Another failure. Another set back. Another temptation to throw in the towel. Had I done something wrong? What sin did I commit this time?
Growing up, I always wanted things to be perfect. In my depiction of perfection, the ultimate goal was to have the approval of my peers. I wanted everyone to be pleased by my accomplishments and lavishness.
My definition of perfection was to be married by 22 years old, have a spacious house, a fancy car, and two years later, start having children. My vision of perfection was to have two college degrees by 25. However, my reality was fearfulness, anxiousness, and procrastination. I wanted to help others, especially children, see their worth but internally I was struggling with my own confidence. When hard times appeared I was a “train wreck.”
You’re never going to be happy with what you get, if you’re never happy with what you have. – Claire Wineland
Panicking became a habit when the bills were due or deadlines for various things came up. You see, I thought I had the right formula: Pray, wait, look for the answer, worry. I would pray to God for a miracle; pray that He’d help me get through these trying times. Then I’d wait for a response and look for some form of an answer. Finally, when things were not lining up according to my speed preference, I would worry. It was foolish, I know, but somehow this became my staple when tough times presented themselves.
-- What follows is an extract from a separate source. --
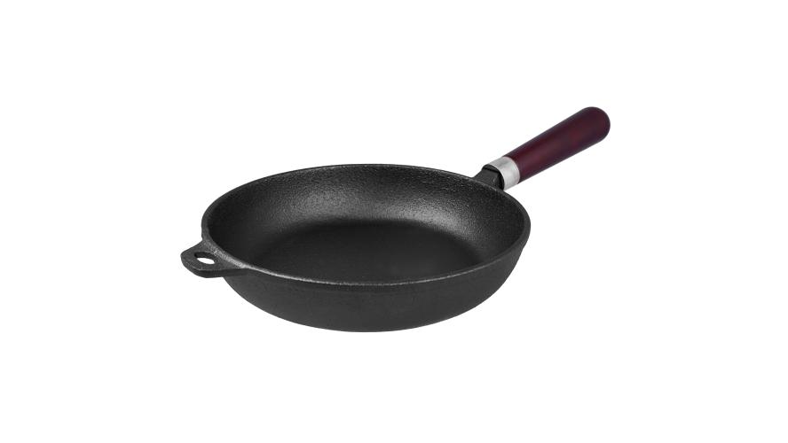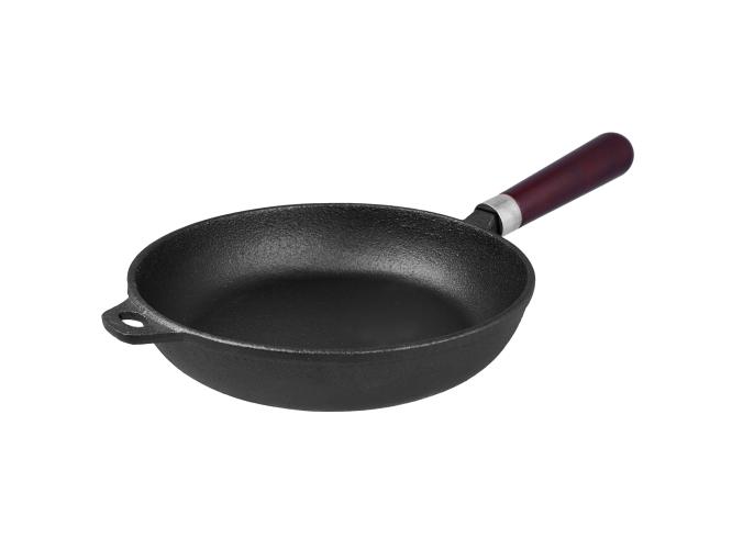 Сковорода d=22 см. h=4,8 см. 1,2 л. чугун. глубокая с дерев. ручкой /1/6/

And who of you by worrying can add one hour to [the length of] his life? – Matthew 6:27 AMP
Eventually, I became tired of my habit of “freaking out” and decided to do something different. I decided to be still. I decided to examine my life. I decided to perform a reality check. The truth was I was spending too much worry about problems and too less time enjoying everyday. I had wasted so much time trying to put the pieces together, that by the time the issue was resolved the day would be over. I finally realized that every storm had a beginning and an end. I cried when I realized what I was doing. I apologized to God for not using the time He had given me wisely. Then I apologized to myself for contributing to my own destruction.
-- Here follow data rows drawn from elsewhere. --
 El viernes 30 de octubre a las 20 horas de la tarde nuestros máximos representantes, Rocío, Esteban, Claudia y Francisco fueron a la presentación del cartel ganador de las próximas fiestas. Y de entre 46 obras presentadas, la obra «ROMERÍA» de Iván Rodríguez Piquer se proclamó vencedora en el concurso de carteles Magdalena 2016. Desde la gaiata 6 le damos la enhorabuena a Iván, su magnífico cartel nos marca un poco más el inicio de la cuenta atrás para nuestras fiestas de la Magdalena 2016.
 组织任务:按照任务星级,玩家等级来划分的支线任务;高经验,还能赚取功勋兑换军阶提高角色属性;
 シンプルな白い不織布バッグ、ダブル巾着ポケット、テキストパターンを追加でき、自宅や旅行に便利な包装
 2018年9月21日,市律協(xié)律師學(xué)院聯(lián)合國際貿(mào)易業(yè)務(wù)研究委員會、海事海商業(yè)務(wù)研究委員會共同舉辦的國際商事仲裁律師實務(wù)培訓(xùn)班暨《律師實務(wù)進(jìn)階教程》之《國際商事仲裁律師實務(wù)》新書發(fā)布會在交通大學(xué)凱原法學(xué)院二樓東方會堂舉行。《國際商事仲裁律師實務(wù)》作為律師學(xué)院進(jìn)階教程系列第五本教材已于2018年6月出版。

God had given me a new day to live. I started to smile more often. I started watching people enjoy their lives. I started to go to parks more often. When I’d wake up the sun would shine on me and I’d embrace the moment. The more I began to focus on the beautiful moments in life I began to think more clearly. I began budgeting and organizing my time wisely. I began to invest in my own ideas, gifts and talents.
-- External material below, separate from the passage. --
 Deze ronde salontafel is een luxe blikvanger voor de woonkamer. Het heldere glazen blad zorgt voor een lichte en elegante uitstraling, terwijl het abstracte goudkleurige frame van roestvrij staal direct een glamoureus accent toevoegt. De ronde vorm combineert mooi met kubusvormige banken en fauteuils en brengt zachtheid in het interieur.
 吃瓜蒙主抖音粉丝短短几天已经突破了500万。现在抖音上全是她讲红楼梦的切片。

I say all of this to let you know that life is a treasure. We are given one life on this earth. If you are frustrated or focused on your problems, you can miss a great moment. Let God’s light into your life. Change your perspective. Sense the opportunities where you can encourage others. Appreciate each new day. God loves you and He took the time to create you, a beautiful, unique, and treasured being. Love yourself. Let love guide you in forgiving others. You can not move forward with baggage from the past. Regardless of what has happened to you and what others have said, you are a remarkable being.
For we are God’s masterpiece. He has created us anew in Christ Jesus, so we can do the good things he planned for us long ago. – Ephesians 2:10 NLT
I encourage you to say this affirmation: I am a blessing. I am wonderful. I am powerful. I am not my past mistakes. I am not the problems that I am faced with. I am fearfully and wonderfully made. I will see with eyes of gratitude. I will be a light because I have a purpose.